Что ведет Блока от «идеала Мадонны к идеалу содомскому»[38]? Жажда бесконечности, неизведанных и острых ощущений, абсолюта. Его ведет пьянящая истина: душа бессмертна и не может довольствоваться временными и ограниченными радостями. Душа, отравленная бесчисленными желаниями, знает, что только свершение этих желаний способно утолить жажду бесконечности. Перед лицом этой жажды, этого ожидания невозможного, будничная жизнь кажется тусклой и несносной.
Уже в 1908 году он предчувствует скорбную судьбу России. Его интересует не политика, а как сохранить бессмертную душу его страны, и будущее, в котором он прозревает ожесточенную борьбу во спасение вечных частиц этой души. Он берется за эту тему не как мыслитель, вооруженный умозрительными схемами, но как поэт — чувствующий, страдающий и любящий. Россия — новое воплощение Вечной Женственности. Сначала он видит ее «вечно ясной», затем ее черты становятся дикими, искаженными страстью и страданием, прекрасными, и странно напоминают ему «Фаину» и «Кармен». Вскоре он заговорил о «роковой стране», о ее «пьяном голосе», о ее «разбойной красе». И он подходит к «Двенадцати». На эту поэму его вдохновляют не политические убеждения, но дух народного мятежа, который он так остро почувствовал. Блок должен был решить: «с Богом» ли этот мятеж или «против Бога»? Он, всегда готовый «растоптать самое святое», смеявшийся над «куцей конституцией», ненавидевший «барыню в каракуле», приветствовал события 1905 и 1917 годов. «Ландшафт его души» состоит из ветра, снежных бурь, диких далей. Уже давно носит он в себе «скуку смертную»[39].
Блок создал новый, неповторимый стиль. Его метафоры несравненно прекрасны, а его метафорические неологизмы — бесподобно смелы. Он сочленяет цепочки метафор; они перетекают одна в другую, сливаются и становятся метафорической темой — поэтической реальностью.
Эта развернутая метафора иногда заканчивается катахрезой (не связанной с первоначальной метафорой). Не принятая в классической поэзии, катахреза сильно обогатила поэзию романтическую. Не меньше чем парадоксальные истины, Блок любит и часто прибегает к диссонансам.
Но главная особенность его поэтики состоит в том, что в каждом стихотворении есть музыкальная точка отсчета, которую он понимает как гармонию звуков; ради нее он не боится жертвовать словами, лишь бы сохранить дорогое ему звучание.
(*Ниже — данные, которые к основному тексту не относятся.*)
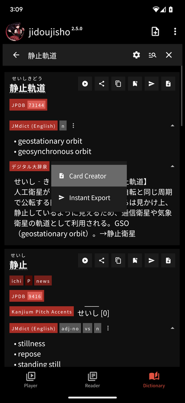 - 📋 Tap a word for instant dictionary lookups, and open the Card Creator or use Instant Export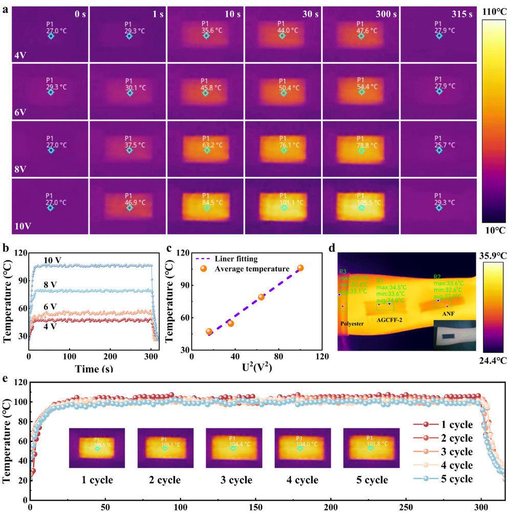 芳纶纳米纤维/石墨化多壁碳纳米管复合纤维织物的焦耳加热性能:(a)不同电压下芳纶纳米纤维/石墨化多壁碳纳米管复合纤维织物的红外热像图和;(b)不同电压下芳纶纳米纤维/石墨化多壁碳纳米管复合纤维织物温度随时间变化曲线;(c)不同外加电压下的平均温度及其U2的线性拟合;(d) 芳纶纳米纤维/石墨化多壁碳纳米管复合纤维织物的散热情况;(e) 芳纶纳米纤维/石墨化多壁碳纳米管复合纤维织物在10 V外加电压下连续5次循环的温度曲线。

Эту поэзию продолжают называть символической, хотя в ней нет ни одного традиционного символа. Множество мелких тем, вплетенных в главную тему, образуют сложное целое. Это целое часто граничит с запредельным, и символы, если они существуют, становятся принадлежностью фона, привносят предчувствие или привкус другой реальности, в которой поэт чувствует себя так же свободно, как в первой.
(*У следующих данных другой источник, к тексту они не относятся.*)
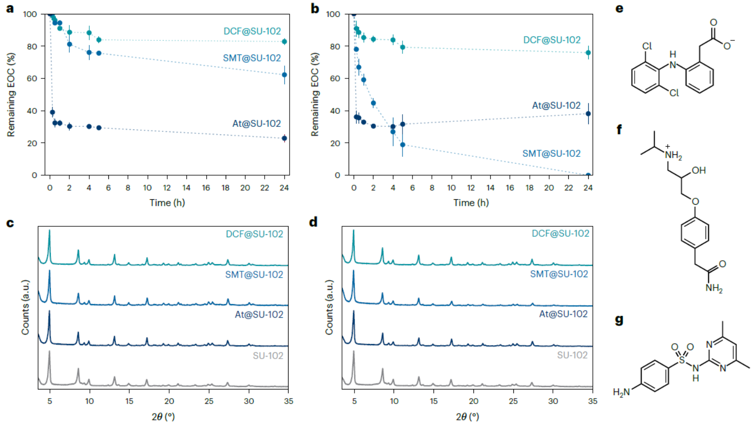 SU‑102 在真实市政污水中对阳离子药品污染物实现 **79%–99.6%** 高效去除,是首个在未加标真实污水中验证效果的 MOF 吸附剂,工程价值突出。

Со времен Ломоносова (1711–1765) в русской поэзии существуют особые размеры: шестистопный ямб (он соответствует александрийскому стиху), пятистопный и четырехстопный ямб (самый распространенный) и т. д. Поэты XIX века следовали почти исключительно правилам силлабо-тонического стихосложения. Брюсов, Гиппиус, Сологуб первыми расшатали эти традиционные размеры. Белый и Блок с большой виртуозностью создавали новые размеры: с одной стороны, они разработали ямб, доведя его до высшего совершенства; с другой стороны — разрушили тот же классический ямб, прибавив к нему паузы, пеоны, вводя в него спондей. Из этих бесчисленных сочетаний выросло все разнообразие современных размеров.
В третьей книге Блок в известной мере возвращается к классическим формам и рифмам. Здесь он тоже работает в двух направлениях: доводит классическую рифму до предельной изощренности, но вместе с тем, порвав с традицией, смело вводит в русскую поэзию обильные ассонансы. Его стилистические возможности столь неограниченны, что, вполне освоив тот или иной троп, он тотчас же стремится его разрушить.
Анна Ахматова и Маяковский — каждый по-своему — обогатили свое творчество благодаря этому разрушению привычных размеров, рифмы и всей прежней просодии. Блок необычайно расширил словарь, и современный поэтический язык обязан ему своим несравненным богатством.